DATA SHOWN:
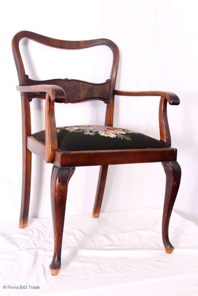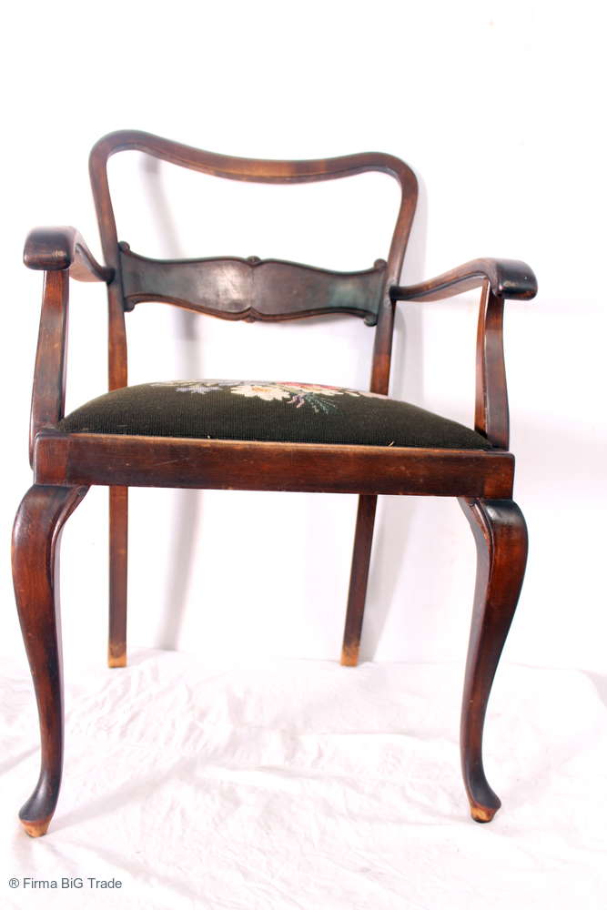 Eleganter Antiker Chippendale Armlehnenstuhl Schreibtischstuhl Polsterstuhl Gobelin Stoff 371-1
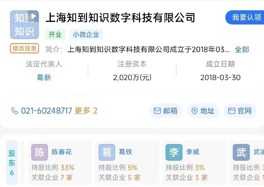工商查询显示,陈春花占有该公司33%股份,关联7家企业。
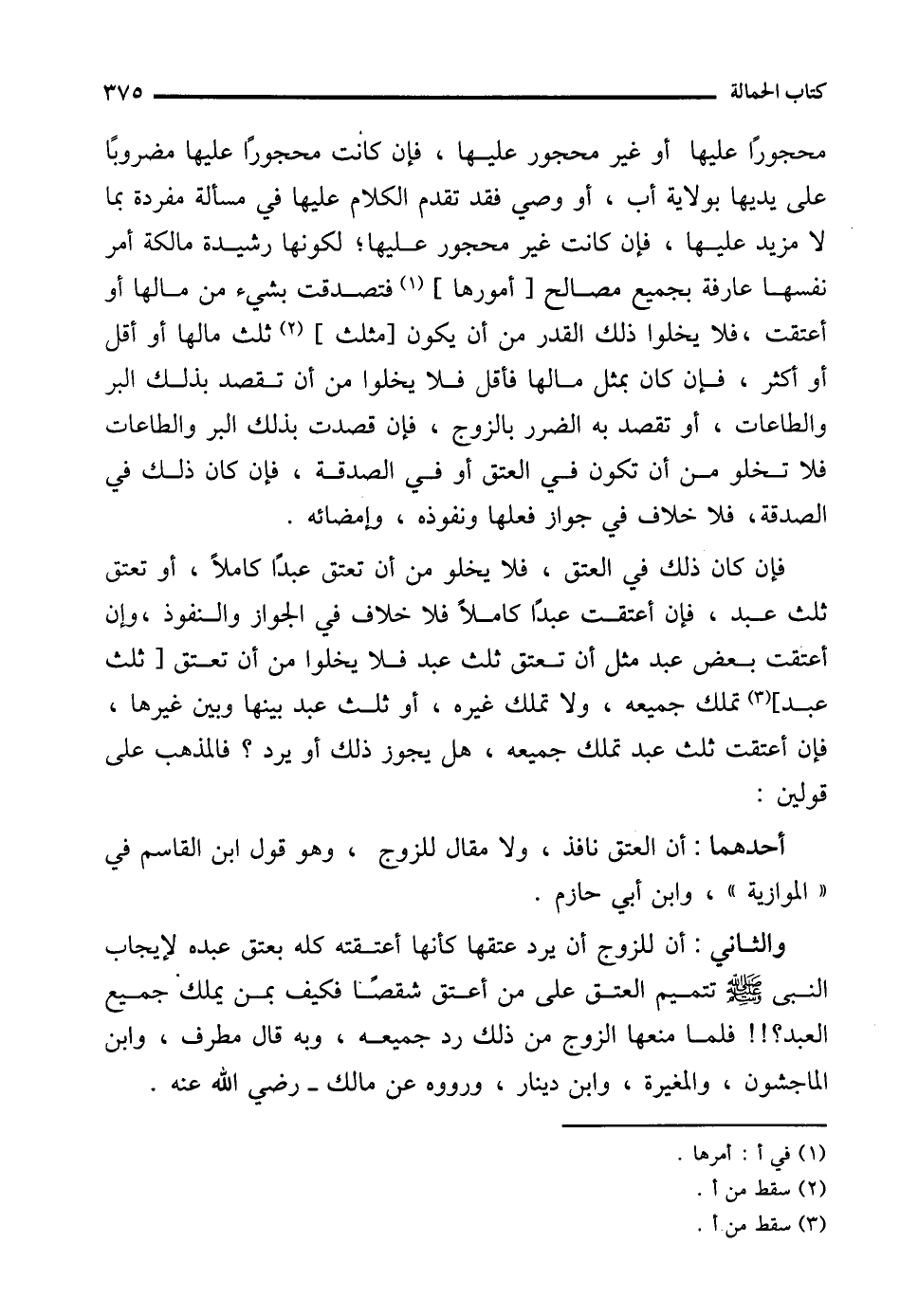 فإن كان ذلك في العتق، فلا يخلو من أن تعتق عبدًا كاملًا، أو تعتق ثلث عبد، فإن أعتقت عبدًا كاملًا فلا خلاف في الجواز والنفوذ، وإن أعتقت بعض عبد مثل أن تعتق ثلث عبد فلا يخلو من أن تعتق [ثلث عبد] (¬3) تملك جميعه، ولا تملك غيره، أو ثلث عبد بينها وبين غيرها، فإن أعتقت ثلث عبد تملك جميعه، هل يجوز ذلك أو يرد؟ فالمذهب على قولين:
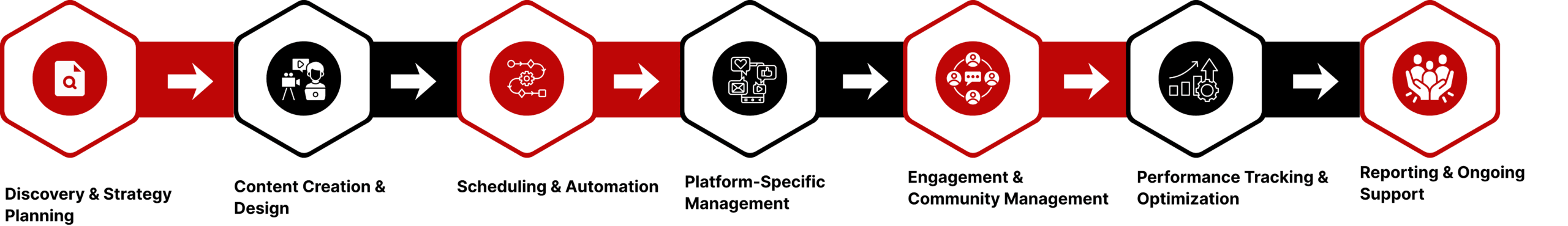 We provide complete social media management services that covers planning, execution, and optimization, allowing businesses to maintain a consistent, professional presence without managing daily tasks internally.
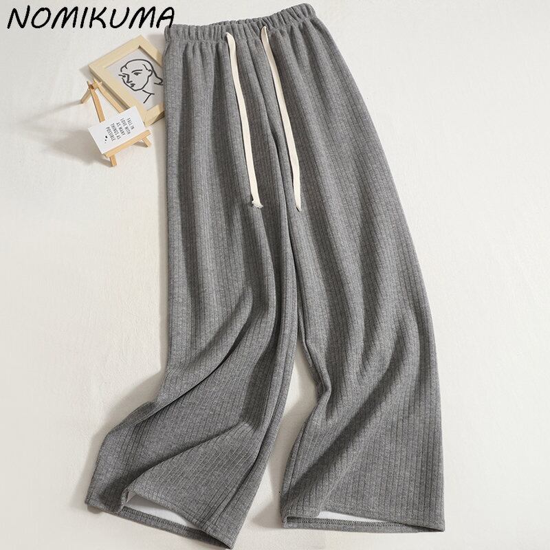 Nomikuma ワイドレッグパンツ女性 2022 秋冬フリース長ズボン因果レースアップウエストパンツ Pantalones ロング オータム 秋物 ウィンター 冬物 ワイドパンツ kor21691122069
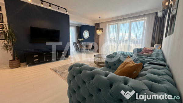 Apartamentul se vinde mobilat si utilat cu: plita electrica cuptor, hota, masina de spalat rufe, uscator rufe, masina de spalat vase, frigider cu congelator, cuptor cu microunde, espressor de cafea.
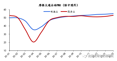 一方面气温开始回暖、疫苗接种加速,发达经济体逐渐走出秋冬疫情,经济活动景气度上升。至今年2月,摩根大通全球(除中国外)制造业PMI达到55.1,服务业PMI达到53.0,均为疫情暴发以来最高值;从其他出口国的表现看,2021年前两个月韩国出口增10.5%,越南出口增23.3%,亦对全球需求复苏构成印证。
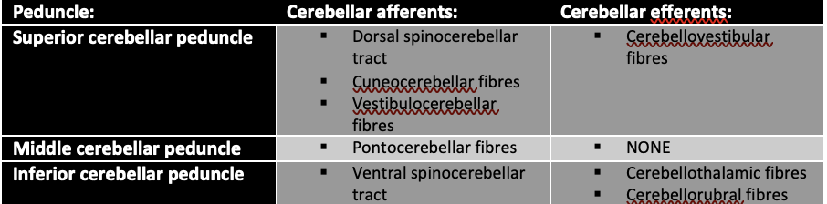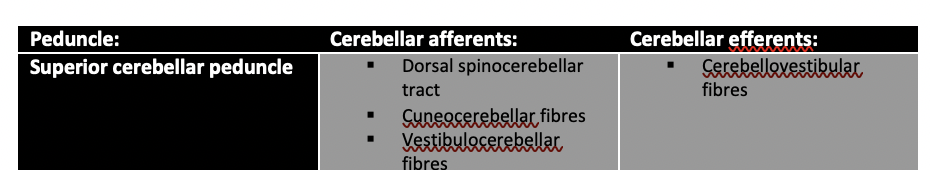 What are the afferent and efferent fibres carried by the superior cerebellar peduncle?
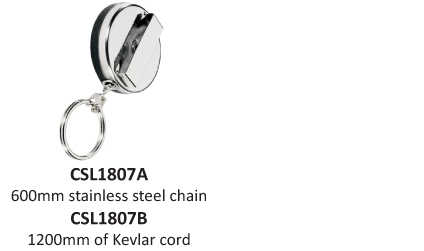 - 2 types available (600mm stainless steel chain or 1200mm Kevlar cord).
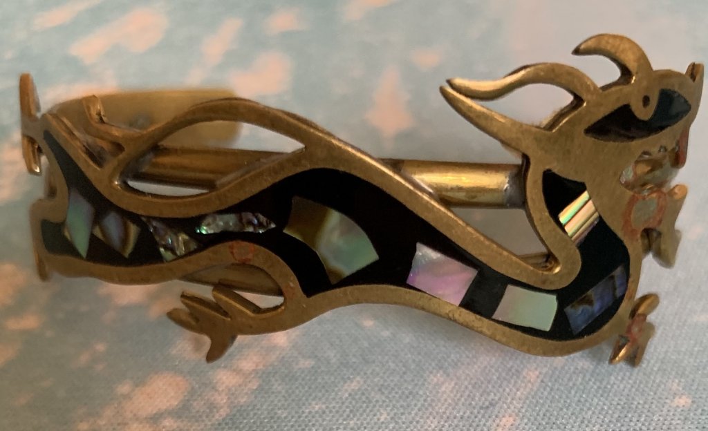 I don't know if anyone has posted this or seen it but I thought it was worth posting. I was trying to research the Abalone Dragon bracelet and the closest I came up with was Abalone Dragon earrings that look like the Bracelet . I found it on Esty...
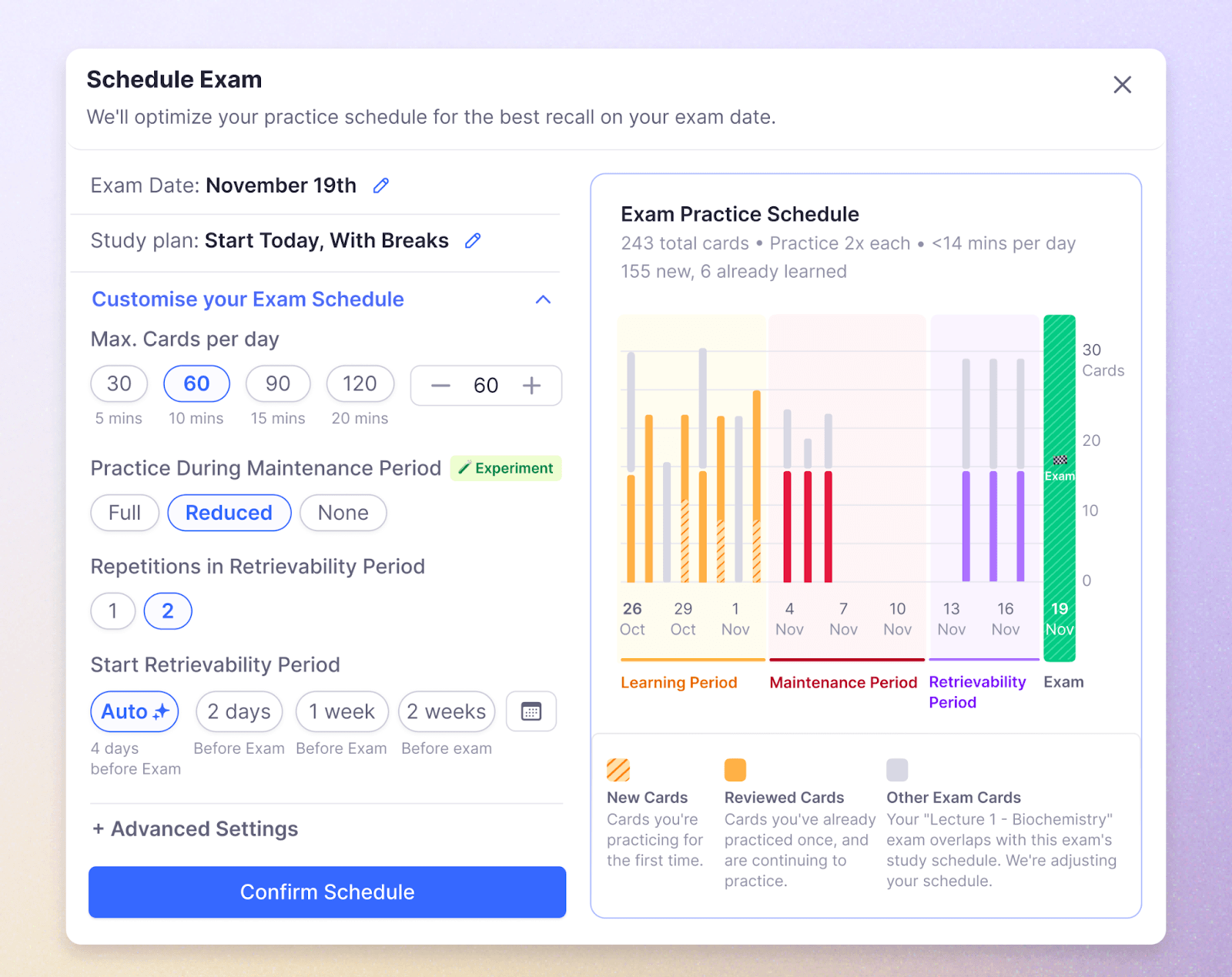 - Exam scheduler: In RemNote, you can simply set your exam date and pick a study plan, and the app then adjusts your daily practice to ensure you are maximally prepared for test day.
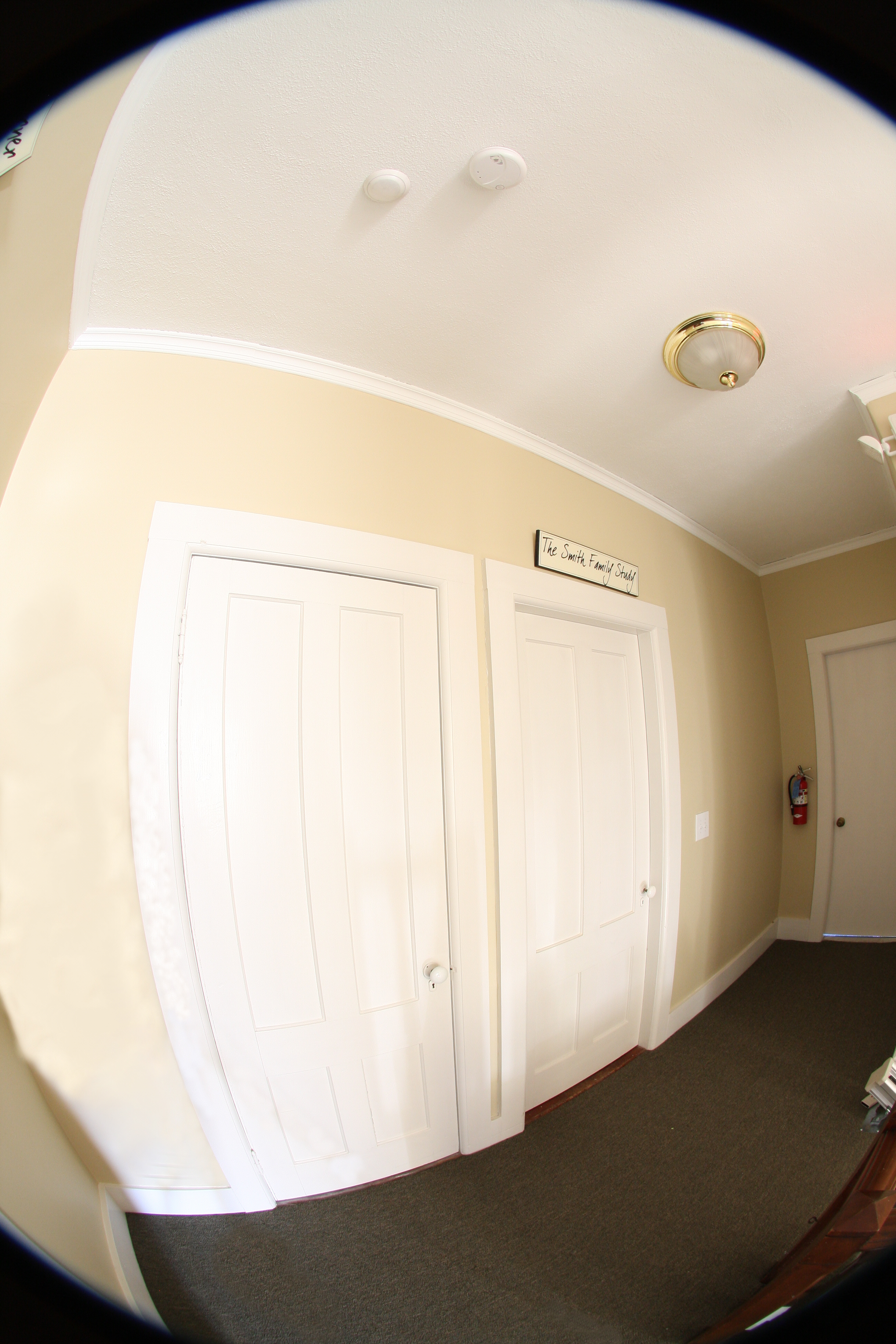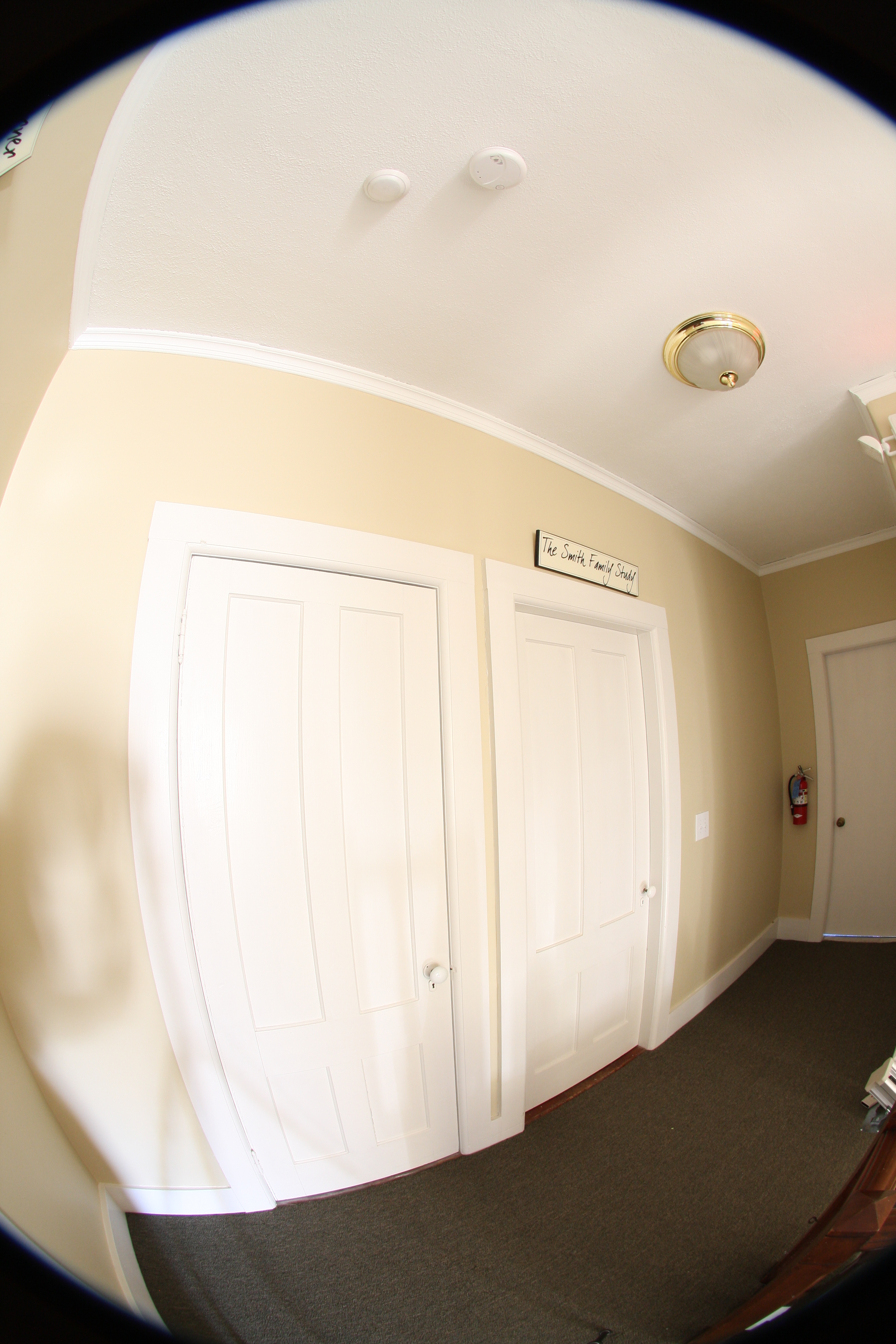 There was no way to block the light from down the hall from casting my shadow. Again, the vignetted corners and fringing will be merged out in the final scene.

WHAT THE EXERCISE ASKS: Each of the records above needs to be transcribed exactly, apart from its pictures.

ANSWER TO THIS TASK:
 Eleganter Antiker Chippendale Armlehnenstuhl Schreibtischstuhl Polsterstuhl Gobelin Stoff 371-1
工商查询显示,陈春花占有该公司33%股份,关联7家企业。
 فإن كان ذلك في العتق، فلا يخلو من أن تعتق عبدًا كاملًا، أو تعتق ثلث عبد، فإن أعتقت عبدًا كاملًا فلا خلاف في الجواز والنفوذ، وإن أعتقت بعض عبد مثل أن تعتق ثلث عبد فلا يخلو من أن تعتق [ثلث عبد] (¬3) تملك جميعه، ولا تملك غيره، أو ثلث عبد بينها وبين غيرها، فإن أعتقت ثلث عبد تملك جميعه، هل يجوز ذلك أو يرد؟ فالمذهب على قولين:
 We provide complete social media management services that covers planning, execution, and optimization, allowing businesses to maintain a consistent, professional presence without managing daily tasks internally.
 Nomikuma ワイドレッグパンツ女性 2022 秋冬フリース長ズボン因果レースアップウエストパンツ Pantalones ロング オータム 秋物 ウィンター 冬物 ワイドパンツ kor21691122069
 Apartamentul se vinde mobilat si utilat cu: plita electrica cuptor, hota, masina de spalat rufe, uscator rufe, masina de spalat vase, frigider cu congelator, cuptor cu microunde, espressor de cafea.
 一方面气温开始回暖、疫苗接种加速,发达经济体逐渐走出秋冬疫情,经济活动景气度上升。至今年2月,摩根大通全球(除中国外)制造业PMI达到55.1,服务业PMI达到53.0,均为疫情暴发以来最高值;从其他出口国的表现看,2021年前两个月韩国出口增10.5%,越南出口增23.3%,亦对全球需求复苏构成印证。
 What are the afferent and efferent fibres carried by the superior cerebellar peduncle?
 - 2 types available (600mm stainless steel chain or 1200mm Kevlar cord).
 I don't know if anyone has posted this or seen it but I thought it was worth posting. I was trying to research the Abalone Dragon bracelet and the closest I came up with was Abalone Dragon earrings that look like the Bracelet . I found it on Esty...
 - Exam scheduler: In RemNote, you can simply set your exam date and pick a study plan, and the app then adjusts your daily practice to ensure you are maximally prepared for test day.
 There was no way to block the light from down the hall from casting my shadow. Again, the vignetted corners and fringing will be merged out in the final scene.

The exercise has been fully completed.